Никола встал, и от резкого движения его прошиб озноб. Надел казенные тапки – в предвариловке собственная обувь запрещена. Вышел в коридор. Надзиратель пропустил его и двинулся следом. У каждой камеры на двери укреплена дощечка. Большинство пустует, но на некоторых от руки написаны инструкции для сведения персонала.
Диабет.
Не ест свинину.
Суицид.
Симон Мюррей. Он приподнялся на стуле.
– Привет, Никола! Как дела?
Сука-Симон попытался обнять его, но Никола сделал шаг назад. Этот парень к числу его друзей не принадлежит.
Они сели.
– Никола… я шел мимо и решил заглянуть. Как дела?
– Ничего хорошего. В камере холодища, одеяло тонкое, свитер не дали. Воспаление легких гарантировано. Честно. И руку никто не лечит.
– Попробую поговорить… с кем? С надзирателем?
– Можешь поговорить… попозже.
Симон покопался в сумке.
– Хочешь?
Коробочка со снюсом и шоколадное печенье. Никола взял крохотный мешочек снюса и сунул под верхнюю губу.
– И что ты опять натворил? Ведь еще и месяца не прошло… – Симон отечески улыбнулся.
Фальшивая, кривая, подлая ухмылка.
– Ничего не натворил. Это ошибка. Они говорят, что я взорвал супермаркет. Может, и меня стоило бы спросить? Даже допроса не было. И адвоката не дали.
– Поговорю и об этом. А ты хочешь какого-то конкретного адвоката?
– Пока не знаю. Надо подумать.
– Вот ты и ответил на свой вопрос насчет адвоката. А с матерью говорил?
– И с матерью не говорил.
– Это я могу устроить.
– Скажу спасибо.
– Да… правильно сделаешь. Но я хочу с тобой кое о чем поговорить.
Никола мысленно подобрался и сосредоточился.
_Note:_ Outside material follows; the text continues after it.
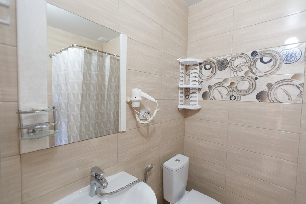 Хорошая гостиница. Есть свой двор с мангалом и бассейном. Немного неудобно продумана душевая кабина: штора слишком длинная, а по ширине короче, чем нужно, и вода вытекает на пол. Но в санузле есть половая тряпка, причём всегда новая. Также помимо банных принадлежностей дают тряпочку и губку для кухни, есть моющее средство для посуды. На ресепшене и во внутреннем дворе стоят кулеры с водой.

Жди ловушку.
– Они и Хамона взяли, – сказал Симон. – Только он в другом конце коридора, чтобы не было этих «постучи-в-стенку» затей.
Николу вновь начал бить озноб.
– Но это неважно… поговоришь со следователем, который ведет дело. Не моя забота. Мне интересно другое: что ты можешь порассказать про разборку? Ты знаешь, о чем я. Суд Исака.